It was the social disruption that really got people mad. The message simply had no
relevance to most newsgroups, and the overall effect was as if you were at a party
and someone broke in to interrupt each conversation and shout at the participants
to buy his used car. You can throw the bozo out, but the party doesn't easily
The point is not that there's no way to advertise one's services on the Net, even if
you're a lawyer. Bearing in mind that it's not so long since lawyers weren't allowed
to advertise at all by their bar associations, there are plenty of lawyers online
offering information about green cards and how to get them. One immigration
specialist has even posted on his Web site the one hundred questions from which
citizenship tests are thought to be drawn, along with the correct answers to help
would-be immigrants. You can get to know a lot of potential customers in a non-controversial way by being helpful about answering questions on newsgroups like alt.visa.us. Canter and Siegel could easily have adopted this kind of long-term, awareness-building approach and met no resistance.
But, to quote their book, "We didn't want to lose a golden opportunity to get rich."
The point is that none of this is what the Net had ever been for. The Net was, the
argument ran (conveniently overlooking flaming, the practice of expressing angry
hostility that seems to be endemic to electronic communication), a sacred place
where minds could meet and merge into a non-corporeal whole. If, as Canter and
Siegel said, "Cyberselling is the future of marketing," the Net was
going to fight back. A newsgroup was quickly set up to discuss and coordinate
responses to the incident in the alt.current-events hierarchy, a newsgroup
classification for short-lived, quick-response newsgroups. For many months
alt.current-events.net-abuse seethed with anger, and although it was replaced with
the permanent news.admin.net-abuse.misc in early 1995, it has never died. Some
discussion focused on whether the commercial biz.* hierarchy was an area
advertisers could use and others could access if they were interested. While some
older Netheads didn't like the idea of giving advertising a home on the Internet, it
was generally seen as a fair compromise, since it worked in the tradition of the Net:
user choice and user control. You didn't have to go there if you didn't want to,
which most people didn't. However, the biz.* hierarchy, while it allows some types
of commercial postings, does not want spam either.
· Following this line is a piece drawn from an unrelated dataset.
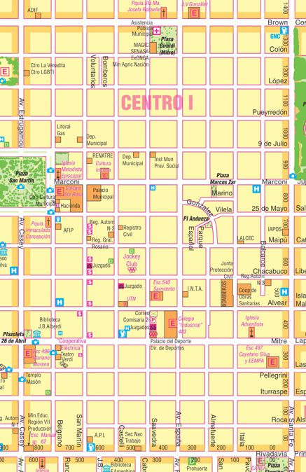 Edificio de la Escuela Normal Plaza San Martín Escuela especial Mº 206 - CANEA Rivadavia 98-Te 42 1390  Esc 497-Cayetano Silva - Pellegrini 71 Te 42-1330 - Ver También EEMPA Iglesia Adventista del 7º día Hotel Santa Fe - Santa Fe 540 - Te 42 0922 Hotel Bahú - Marconi 108 - Te 42-4565 Parque Municipal Gral. Belgrano -  Jujuy 79 - 43-6379 Hotel Stitlea - Saavedra 889 - Te 42-2994 Escuela Educación Manual 62-Rivadavia 873-Te 42 2857  Edificio del Teatro Ideal Albergue del Centro Empleados de Comercio - 9 de Julio 943 - Te 42-1307 Casa Histórica y Museo Cayetano Silva - Maipú 966 - Te 43 1163 Escuela Normal - Estrugamou (1)250 -Te 42 1514 Parque Municipal Gral. Belgrano -  Jujuy 79 - 43-6379 Teatro Ideal Jockey Club - Castelli 657-TE 40 0377 Planta de Pavimento Municipal - Santa Fe 1395 - Te 40-0379 INFEM - Brown 853 - Te 43-9159 Registro de la Propiedad del Automotor Nº 1 - Casey 78 - Te 42-0260 Registro del Automotor Nº 3 - Chacabuco 98 - Te: 43-2277 Centro Educativo Municipal para no Videntes-9 de Julio 530-Te 43 6376 Inst Municipal de Previsión Social - 9 de Julio 498 - Te 42-1518 Ministerio de Educación y Cultura - Región VII - Rivadavia 873 - Te: 42-1713/43-0114/43-4188 API-Adm Pcial de Impuestos - San Martín 75 - Te: 42-1979 Bomberos Voluntarios-Italia 570- TE Emergencias 420 420 Plazoleta Miguel Andueza Plazoleta Marcos Zar Plaza Fleming Secretaría de Estado de Trabajo y Seguridad Social - Rivadavia 515 - Te 43-2270 Cooperativa de Obras Sanitarias - Administración - Italia 555 - Te 43-8200 Est de Serv Shell -Te 42-2021 Estación de servicio Ampliar plaza Mitre Esquina de Belgrano y Mitre Zona de servicios Alrededores plaza San Martín Zona Rural Noreste 1 Centro 2 San Cayetano General Belgrano Centro 3 Norte San José Obrero

This was the moment when cancelers became a feature of life on Usenet in the
form of the Cancelmoose (usually written Cancelmoose[tm] on the Net) and other,
less anonymous agents. Most newsreaders have a built-in cancellation facility, as
there are many times when someone might need to cancel a message after hitting
the send button--second thoughts about an angry flame, a message sent out
publicly that should have been private, or accidental duplication. The cancel
message the user generates goes into a special newsgroup called control and
propagates around Usenet by the same means as any other message.
The cancel instructs the system not to distribute the posting, which is identified by the unique
ID assigned to every Usenet post when it's written. News servers
are constructed so that the cancel message will work whether it arrives before or
after the original message.
Canceling spam requires an added twist, because the person doing the canceling
is not the person who wrote the original message. This means forgery: the canceler
has to fool the news server into thinking the message came from the original
poster. It's actually not that hard to do, and instructions are readily available on the
Net. It is, however, a controversial practice, and one that gets discussed to death in the relevant newsgroups.
Most people generally accept third-party cancels if they are not content-based (that would be censorship) and there
are extenuating circumstances: if someone publicly posted your private email; if the
message is spam or spew; if it's a binary file posted to a text-based
newsgroup; or if it's part of attempted newsgroup voting fraud.